**TASK ITEM:** Print exactly the first lines of the records. Stop after the line containing "Wall Street analysts", and leave every picture out.

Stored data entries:
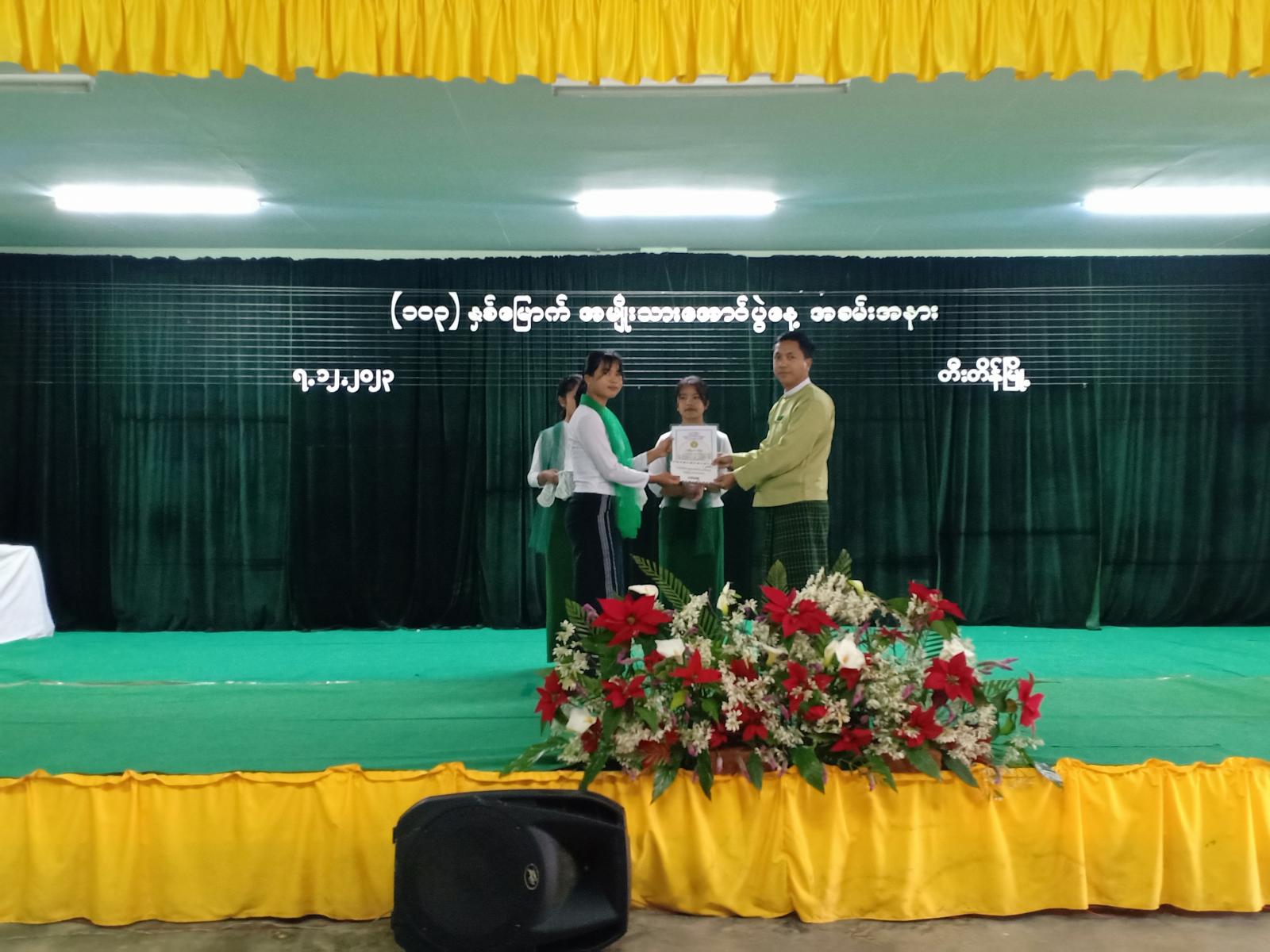 ဆက်လက်၍ (၁၀၃)နှစ်မြောက် အမျိုသားအောင်ပွဲနေ့ အထိမ်းအမှတ် အခြေခံပညာ အထက်တန်းအဆင့်၊ အလယ်တန်းအဆင့်နှင့် မူလတန်းအဆင့် စာစီစာကုံး၊ ကဗျာနှင့် ကျပန်းပြိုင်ပွဲများမှ ဆုရကျောင်းသား၊ ကျောင်းသူများအား ခရိုင်စီမံအုပ်ချုပ်ရေးအဖွဲ့ဥက္ကဋ္ဌနှင့် အဖွဲ့ဝင်များ မြို့နယ်စီမံအုပ်ချုပ်ရေးအဖွဲ့ဥက္ကဋ္ဌ ဦးဖြိုးဝင်းသန်းနှင့် အဖွဲ့ဝင်များ၊ ခရိုင်နှင့် မြို့နယ်အဆင့် ဌာနဆိုင်ရာတာဝန်ရှိသူများက ဆုများချီးမြှင့်ကြကာ ကျောင်းသား၊ ကျောင်းသူများက “မြန်မာ့ကျောင်း” သီချင်း သီဆိုဖျော်ဖြေကြသည်။
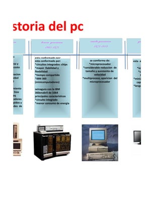 El documento resume las principales generaciones de computadoras desde los primeros tiempos hasta la actualidad. La primera generación utilizaba tubos de vacío y tarjetas perforadas. La segunda introdujo los transistores y lenguajes como FORTRAN. La tercera presentó los circuitos integrados. La cuarta trajo los microprocesadores. La quinta ha evolucionado con inteligencia artificial, sistemas expertos y mayor capacidad de memoria.
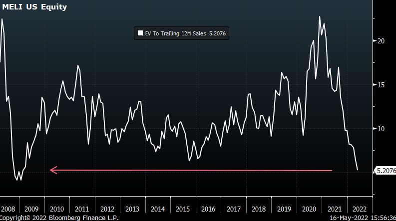Wall Street analysts project MELI to grow sales and gross profit 45% in 2022. In an economy that looks more sluggish by the day, hitting anywhere close to those numbers would qualify as “amazing.” Meanwhile, you can pickup MELI shares near the lowest Enterprise Value to Sales multiple since 2009.
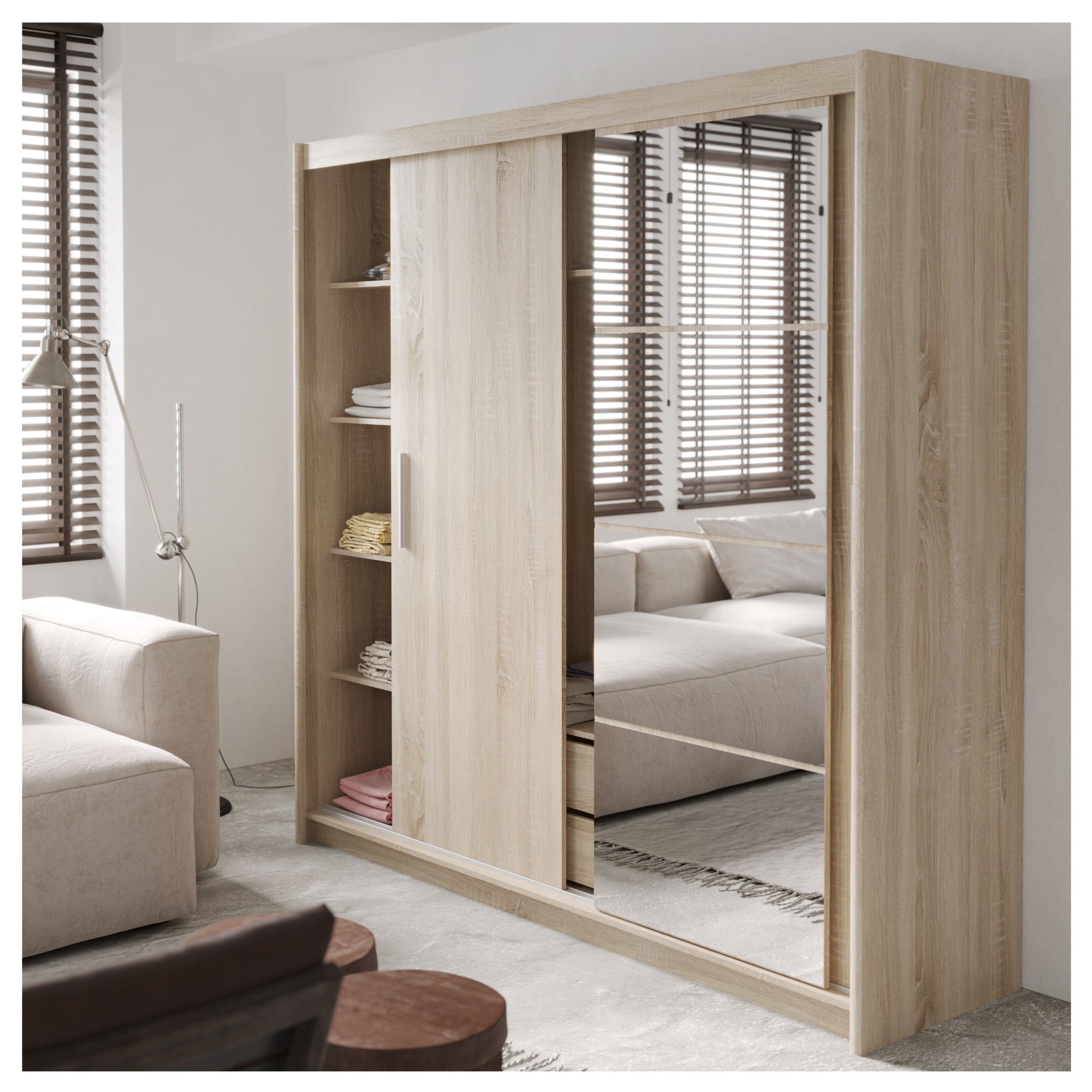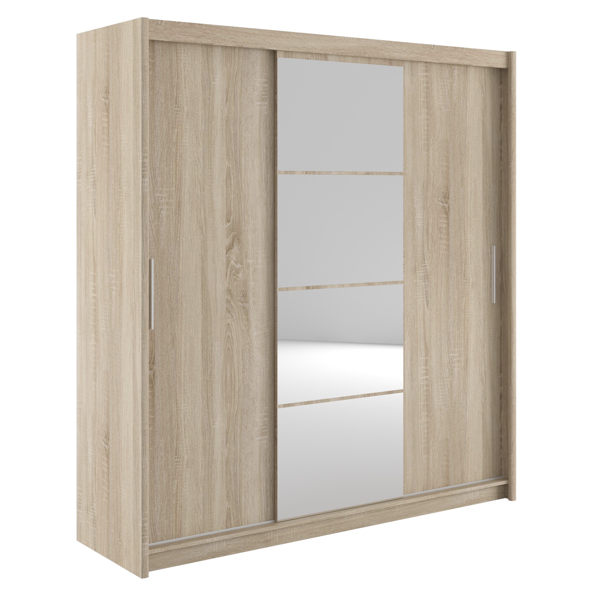 Úložný priestor je rozčlenený do 3 hlavných blokov. Priestor za ľavými dverami obsahuje 3 vložené police, ktoré bez problémov pojmú poskladané oblečenie, úložné boxy s doplnkami či lôžkoviny. Priestor za prostrednými aj pravými dverami je vyplnený 1 priestrannou šatníkovou tyčou a tie umožňujú pohodlné zavesenie väčších odevov alebo tých z krčivých materiálov. Prostredný blok navyše obsahuje 2 praktické zásuvky v spodnej časti. Poslednou súčasťou vnútorného vybavenia sú 2 medziposchodové police v hornej časti skrine. Skriňu uzatvárajú 3 posuvné dvere s plastovými rúčkami na ľahkú manipuláciu. Prostredné dvere sú navyše vyplnené zrkadlovou plochou a vy si tak môžete kedykoľvek skontrolovať svoj vzhľad. Zrkadlo tiež zaistí optické zväčšenie a presvetlenie interiéru. Skriňa je vyrobená z laminovanej drevotriesky nenáročnej na údržbu.
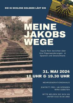 Am 31. Mai wird Sigrid Rein über ihre Pilgerwanderungen auf den Jakobswegen in Spanien und Deutschland berichten. Ein spannender Nachmittag bzw. Abend ist garantiert. Die Veranstaltung findet jeweils um 16.00 und 19.30 Uhr statt. Vor Ort können Getränke und Snacks für einen gemütlichen Nachmittag bzw. Abend erworben werden. Um Anmeldung unter 01520 6862882 wird gebeten. Der Eintritt ist frei; wir sammeln Spenden für die dringend erforderliche Reparatur des Schornsteins und der Regenrinnen am Schloss.
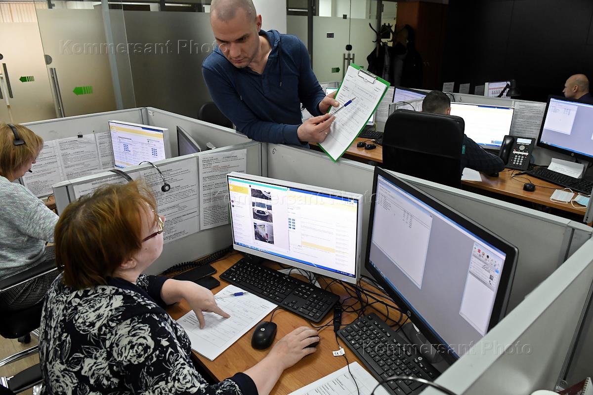 Колл-центр системы быстрого реагирования на пробки и дорожно-транспортные происшествия (ДТП). Сотрудники Центра безопасности дорожного движения Московской области (ЦБДДМО) во время работы.
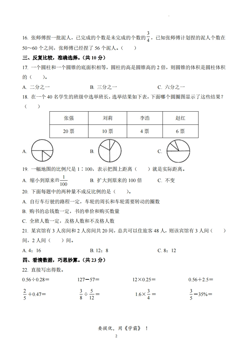山东省青岛市崂山区育才学校2023-2024学年6年级下册期中测试数学试卷芝士老师6个月前发布关注私信0.96MB7页772200山东省青岛市崂山区育才学校2023-2024学年6年级下册期中测试数学试卷此内容为付费资源,请付费后查看会员专属资源学期会员免费研学会员免费您暂无购买权限,请先开通会员开通会员强烈推荐123网盘下载,非会员不限速如果下载链接失效请联系客服补发如需手机上下载打印,请用手机浏览器打开本站付费资源 第1页 / 共7页 第2页 / 共7页 试读已结束,还剩5页,您可下载完整版后进行离线阅读 © 版权声明 1 如果您找不到想要的资料, 点击这儿 可以查看网站使用手册! 2 可能会帮助到你: 网址导航 | 网站入门 | 获取邀请码 3 如果遇到付费才能看或下载的文章,建议您升级本站VIP会员;全站所有资源任意下,免费看。 4本站资源部分来自网络,由多位老师收集整理,如有侵犯你的权益请 联系站长,我们会第一时间进行审核删除。 5 站内资源为网友个人学习或测试研究使用,未经原版权作者许可,禁止用于任何商业途径!请在下载24小时内删除! THE END考试试卷专题六年级资料专区# 真题 这套资料真的不错,快分享给您身边最好的朋友吧^_^点赞200 分享QQ空间微博QQ好友海报分享复制链接收藏 可以按Ctrl+D收藏此页面 HI!请登录 登录 注册 搜索 开启精彩搜索 付费资源会员专属资源学期会员免费研学会员免费强烈推荐123网盘下载,非会员不限速如果下载链接失效请联系客服补发如需手机上下载打印,请用手机浏览器打开本站您暂无购买权限,请先开通会员开通会员默写 (12)高频考点 (1)高分必刷 (0)高中语文 (5)高中英语 (7)高中生物 (5)高中数学 (12)高中地理 (5)高中历史 (5)高中化学 (5)预习 (2)音标 (1)雷锋 (0)阅读 (0)阅兵 (5)钱 (6)量词 (3)部首 (1)逻辑 (12)通用 (0) 小吖麻麻关注 这家伙很懒,什么都没有写... s_juan1关注 这家伙很懒,什么都没有写... kele关注 这家伙很懒,什么都没有写... 燕子关注 这家伙很懒,什么都没有写... 四爷关注 这家伙很懒,什么都没有写... 小豆点sun关注 这家伙很懒,什么都没有写... Mouse Dad关注 这家伙很懒,什么都没有写... kuan关注 这家伙很懒,什么都没有写... 领取5000T网盘资源 百度网盘5000T网红资源 立即领取 在手机上浏览此页面 登录没有账号?立即注册手机号或邮箱图形验证码验证码发送验证码记住登录账号密码登录 登录用户名/手机号/邮箱登录密码图形验证码记住登录找回密码 | 免密登录 登录注册已有账号,立即登录设置用户名手机号图形验证码验证码发送验证码设置密码重复密码邀请码(选填)注册已阅读并同意用户协议、隐私声明

**TASK OUTPUT:**
 ဆက်လက်၍ (၁၀၃)နှစ်မြောက် အမျိုသားအောင်ပွဲနေ့ အထိမ်းအမှတ် အခြေခံပညာ အထက်တန်းအဆင့်၊ အလယ်တန်းအဆင့်နှင့် မူလတန်းအဆင့် စာစီစာကုံး၊ ကဗျာနှင့် ကျပန်းပြိုင်ပွဲများမှ ဆုရကျောင်းသား၊ ကျောင်းသူများအား ခရိုင်စီမံအုပ်ချုပ်ရေးအဖွဲ့ဥက္ကဋ္ဌနှင့် အဖွဲ့ဝင်များ မြို့နယ်စီမံအုပ်ချုပ်ရေးအဖွဲ့ဥက္ကဋ္ဌ ဦးဖြိုးဝင်းသန်းနှင့် အဖွဲ့ဝင်များ၊ ခရိုင်နှင့် မြို့နယ်အဆင့် ဌာနဆိုင်ရာတာဝန်ရှိသူများက ဆုများချီးမြှင့်ကြကာ ကျောင်းသား၊ ကျောင်းသူများက “မြန်မာ့ကျောင်း” သီချင်း သီဆိုဖျော်ဖြေကြသည်။
 El documento resume las principales generaciones de computadoras desde los primeros tiempos hasta la actualidad. La primera generación utilizaba tubos de vacío y tarjetas perforadas. La segunda introdujo los transistores y lenguajes como FORTRAN. La tercera presentó los circuitos integrados. La cuarta trajo los microprocesadores. La quinta ha evolucionado con inteligencia artificial, sistemas expertos y mayor capacidad de memoria.
Wall Street analysts project MELI to grow sales and gross profit 45% in 2022. In an economy that looks more sluggish by the day, hitting anywhere close to those numbers would qualify as “amazing.” Meanwhile, you can pickup MELI shares near the lowest Enterprise Value to Sales multiple since 2009.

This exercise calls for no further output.